Meta has announced the layoff of 11,000 employees, accounting for 13% of its global workforce. The mass layoffs are the first in Meta’s 18-year history, and they come on the heels of similar cuts at other US tech behemoths such as Microsoft, Salesforce, and Twitter.
According to Mark Zuckerberg,
“Today I’m sharing some of the most difficult changes we’ve made in Meta’s history. I’ve decided to reduce the size of our team by about 13% and let more than 11,000 of our talented employees go. We are also taking several additional steps to become a leaner and more efficient company by cutting discretionary spending and extending our hiring freeze through Q1.”
Zuckerberg said the troubles began with COVID. A surge in e-commerce and online tools led Zuckerberg to “significantly increase” investments. This decision was riding on the belief that the wave would continue after the pandemic.
However, he stated,
“Unfortunately, this did not play out the way I expected.”

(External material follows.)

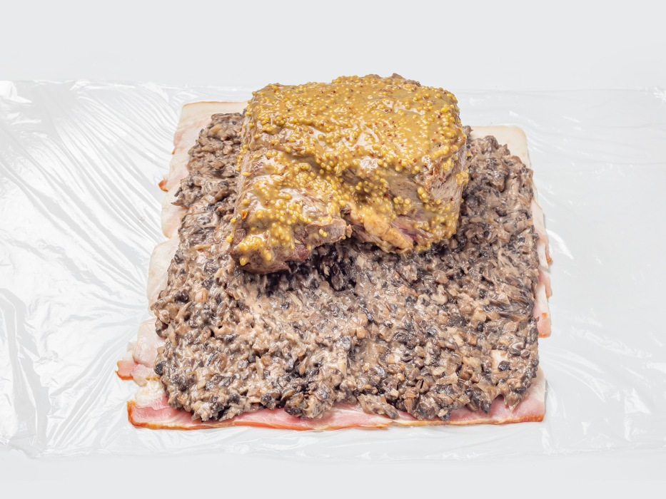 Выложить на слой бекона грибной дюксель и распределить его по поверхности.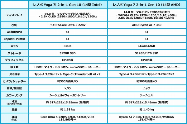 姉妹モデルのAMDプロセッサ搭載のレノボYoga 7 2-in-1 Gen 10(14型 AMD)のスペックも並べてみました。

Zuckerberg stated that Meta would concentrate its efforts on a few high-growth areas, such as advertising, artificial intelligence, and the metaverse.
Employees who are laid off will receive “16 weeks of base pay plus two weeks for every year of service, with no cap.” In addition, the company will “provide three months of career support through an external vendor, including early access to unpublished job leads.”